96. A method for controlling weeds in a container (such as a pot or a seed tray), a growing room, a greenhouse, a field, an amusement area, a lawn or a roadside, comprises

Applying a herbicide to one or more plants of any one of claims 1-14, 27-29, 53, or 72-79 grown in a container, growth chamber, greenhouse, field, recreational area, lawn, or roadside, thereby controlling weeds in the container, growth chamber, greenhouse, field, recreational area, and lawn, or at the roadside where the one or more plants grow.

97. A method of reducing predation of a plant by an insect, comprising:

the application of an insecticide to one or more plants of any one of claims 1 to 14, 27 to 29, 53 or 72 to 79, thereby reducing predation of the one or more plants by insects.

98. A method for reducing fungal disease in plants comprises

The application of a fungicide to one or more plants of any one of claims 1-14, 27-29, 53 or 72-79, thereby reducing mycoses on said one or more plants.

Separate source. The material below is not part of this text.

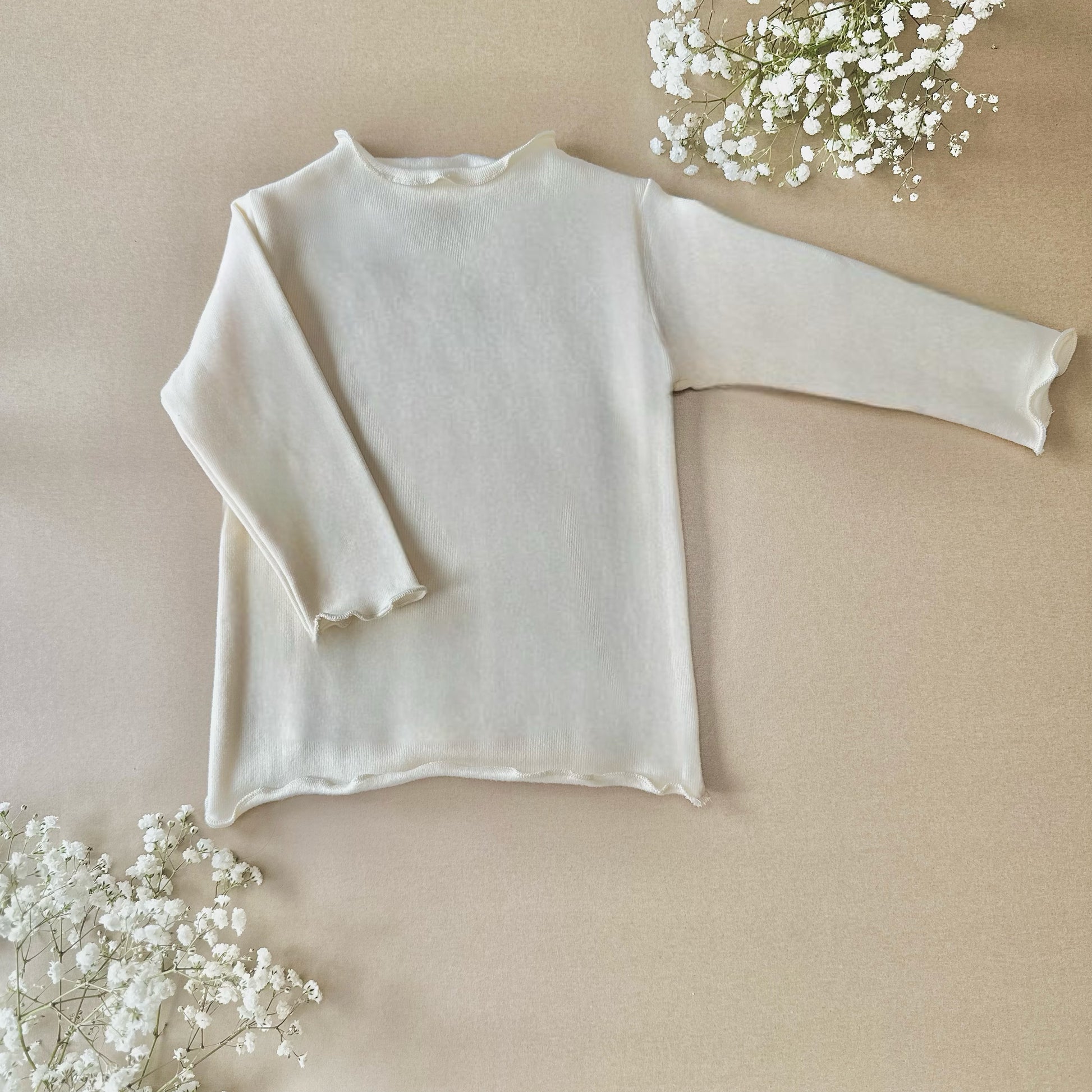 This cream frill neck pullover is perfect for your little ones! The dainty frill adds a playful touch to this cute top. Keep your babies warm and cosy in this must-have piece, the perfect addition to any baby's wardrobe.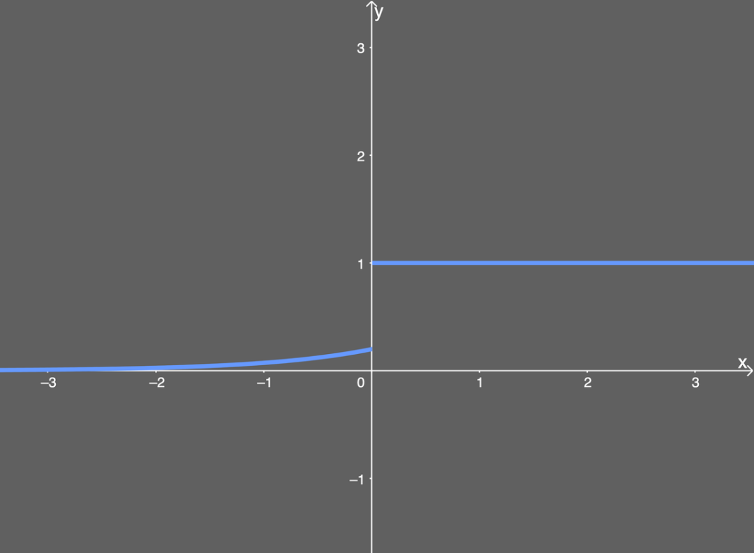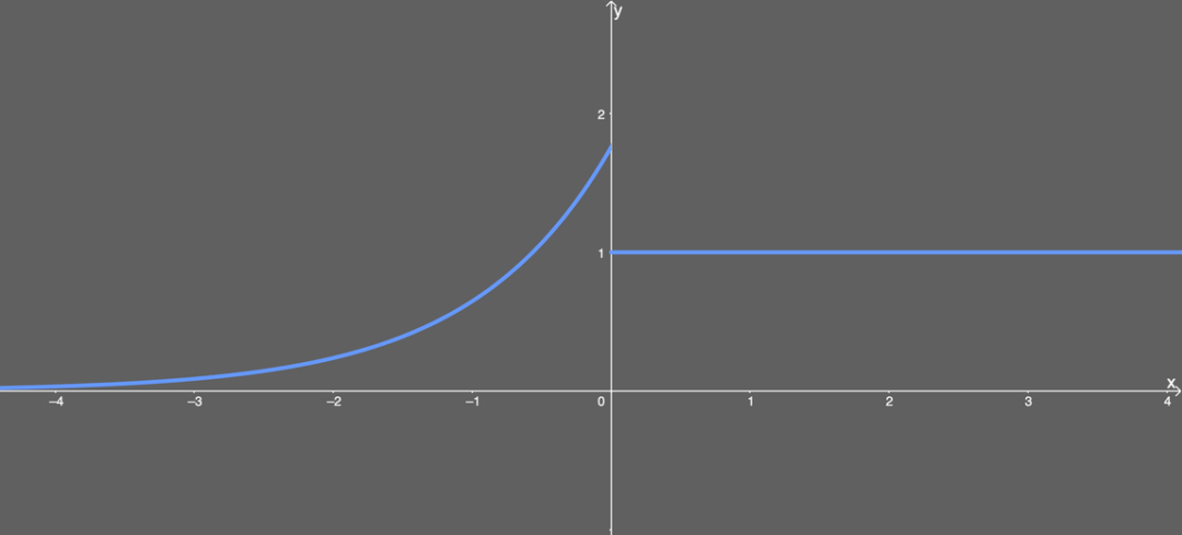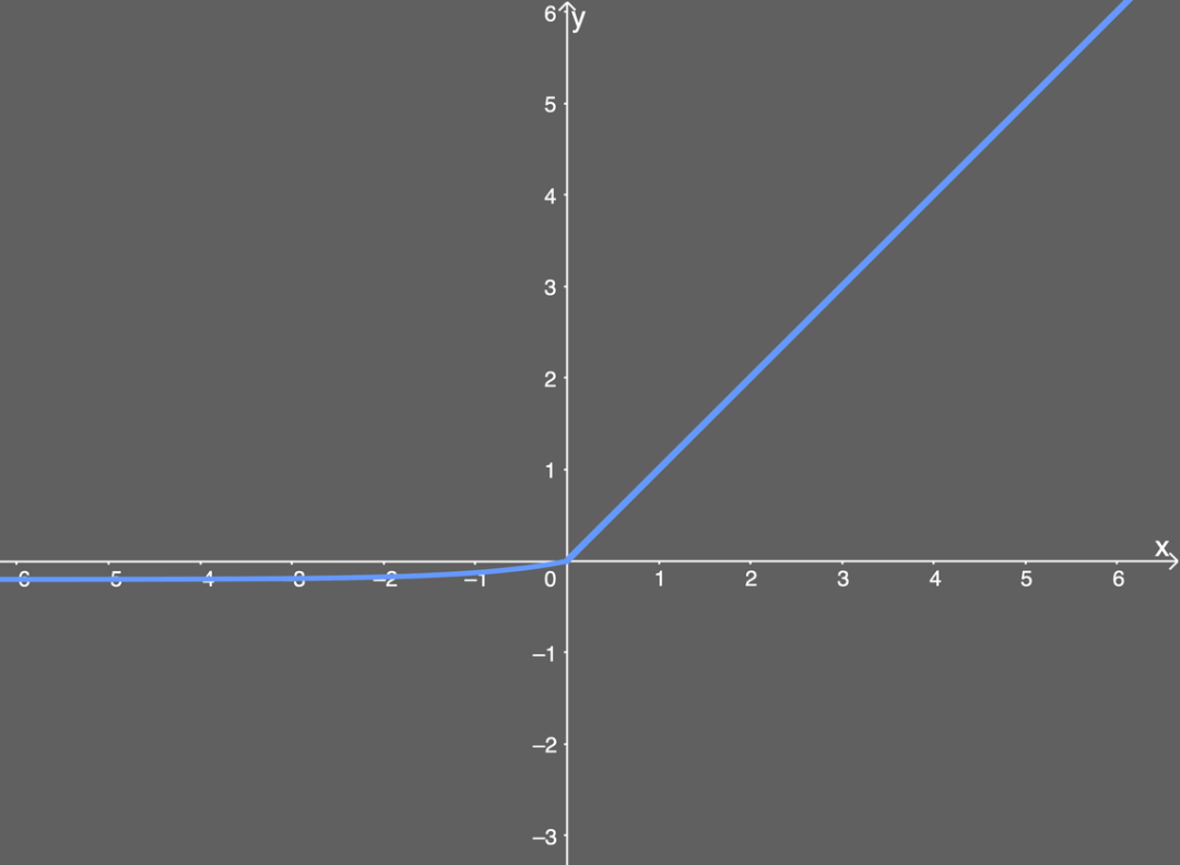 看起来很简单。如果输入 x 大于 0,则 y 值输出为 1;如果输入 x 小于或等于 0,则输出是 ELU 函数(未微分)加上 α 值。

99. The method of claim 97 or claim 98, wherein the one or more plants are grown in a container, growth chamber, greenhouse, field, recreational area, lawn, or roadside.

100. The method of any one of claims 92-99, wherein the polynucleotide of interest is a polynucleotide that confers herbicide tolerance, insect resistance, disease resistance, increased yield, increased nutrient utilization efficiency, or abiotic stress resistance.